WHAT YOU ARE ASKED TO DO> Below are the entries. Print only the lines starting at the one with "L'écrin est composé" and ending at the one with "これまでの登録ユーザーの属性", exactly, with no pictures.

INPUT RECORDS>
= = =

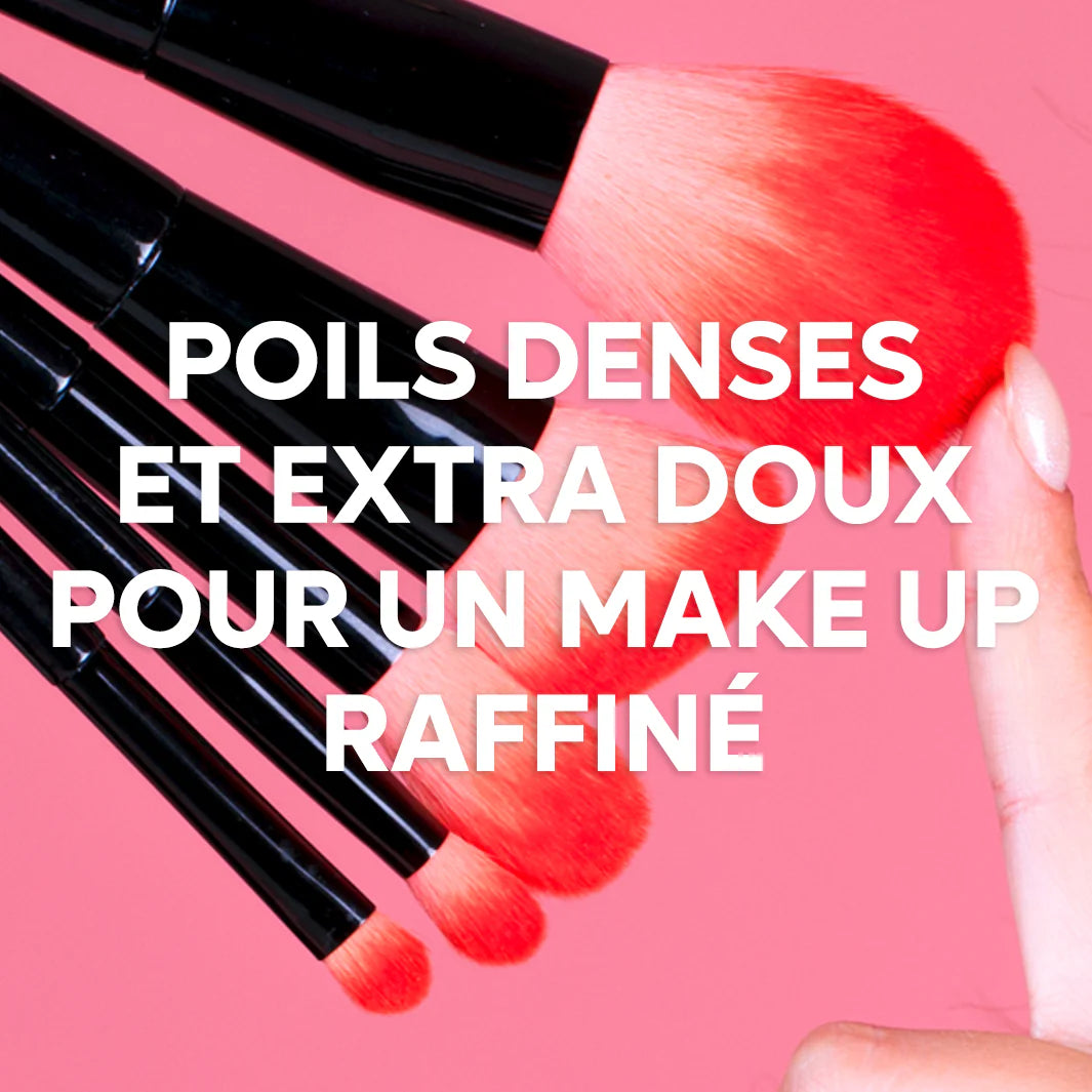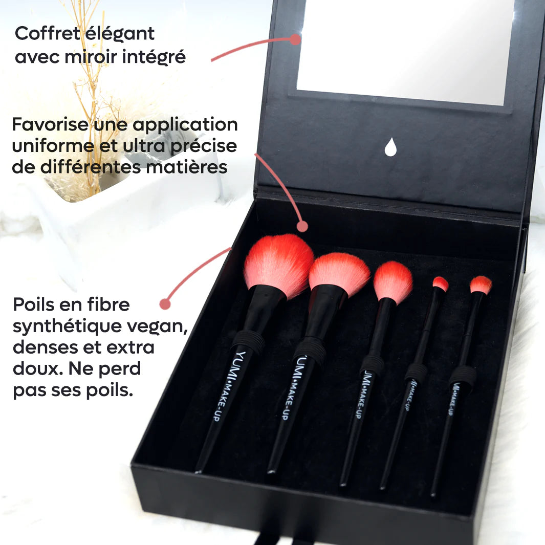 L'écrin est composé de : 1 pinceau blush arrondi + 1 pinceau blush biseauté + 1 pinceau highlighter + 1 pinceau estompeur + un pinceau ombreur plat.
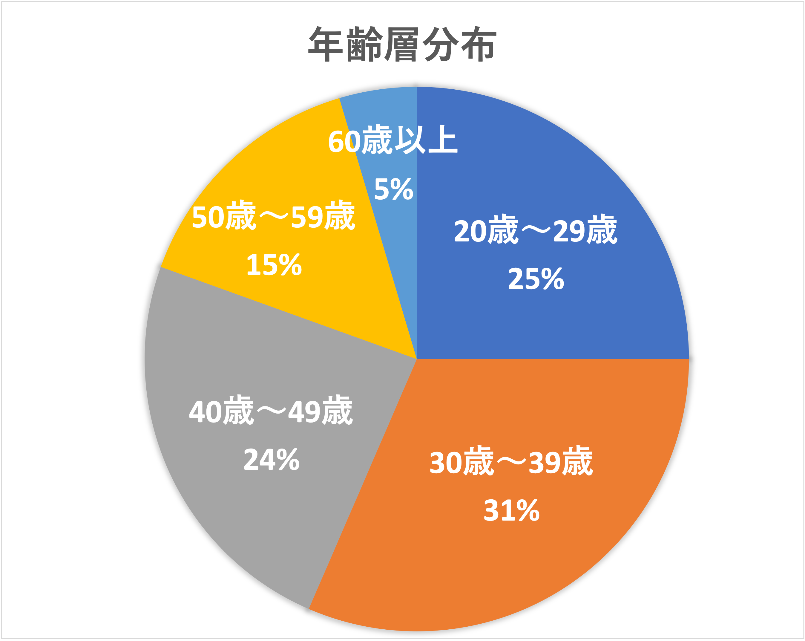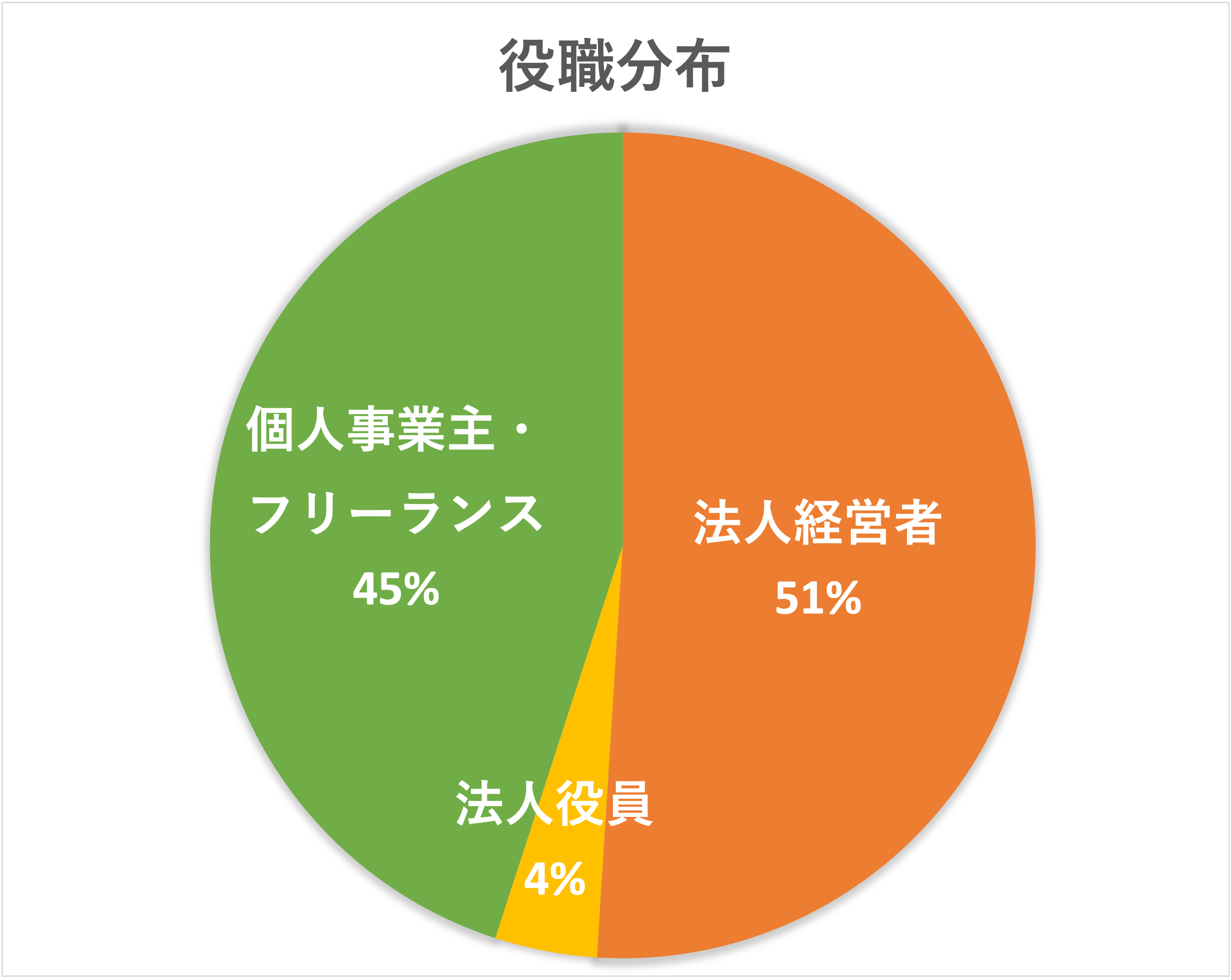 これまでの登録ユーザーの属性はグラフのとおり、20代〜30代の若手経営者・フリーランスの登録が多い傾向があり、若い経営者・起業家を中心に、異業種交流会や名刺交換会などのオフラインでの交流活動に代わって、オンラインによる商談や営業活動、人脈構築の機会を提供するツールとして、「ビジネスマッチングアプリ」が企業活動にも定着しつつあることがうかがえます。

= = =

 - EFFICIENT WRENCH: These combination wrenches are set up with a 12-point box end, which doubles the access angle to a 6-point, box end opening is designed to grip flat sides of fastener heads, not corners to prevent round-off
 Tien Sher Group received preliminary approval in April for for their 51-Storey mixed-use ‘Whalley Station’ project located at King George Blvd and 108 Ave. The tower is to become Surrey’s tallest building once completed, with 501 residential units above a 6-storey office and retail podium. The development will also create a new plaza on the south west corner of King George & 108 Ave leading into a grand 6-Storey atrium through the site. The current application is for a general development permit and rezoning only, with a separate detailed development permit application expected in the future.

= = =

TASK RESPONSE>
 L'écrin est composé de : 1 pinceau blush arrondi + 1 pinceau blush biseauté + 1 pinceau highlighter + 1 pinceau estompeur + un pinceau ombreur plat.
 これまでの登録ユーザーの属性はグラフのとおり、20代〜30代の若手経営者・フリーランスの登録が多い傾向があり、若い経営者・起業家を中心に、異業種交流会や名刺交換会などのオフラインでの交流活動に代わって、オンラインによる商談や営業活動、人脈構築の機会を提供するツールとして、「ビジネスマッチングアプリ」が企業活動にも定着しつつあることがうかがえます。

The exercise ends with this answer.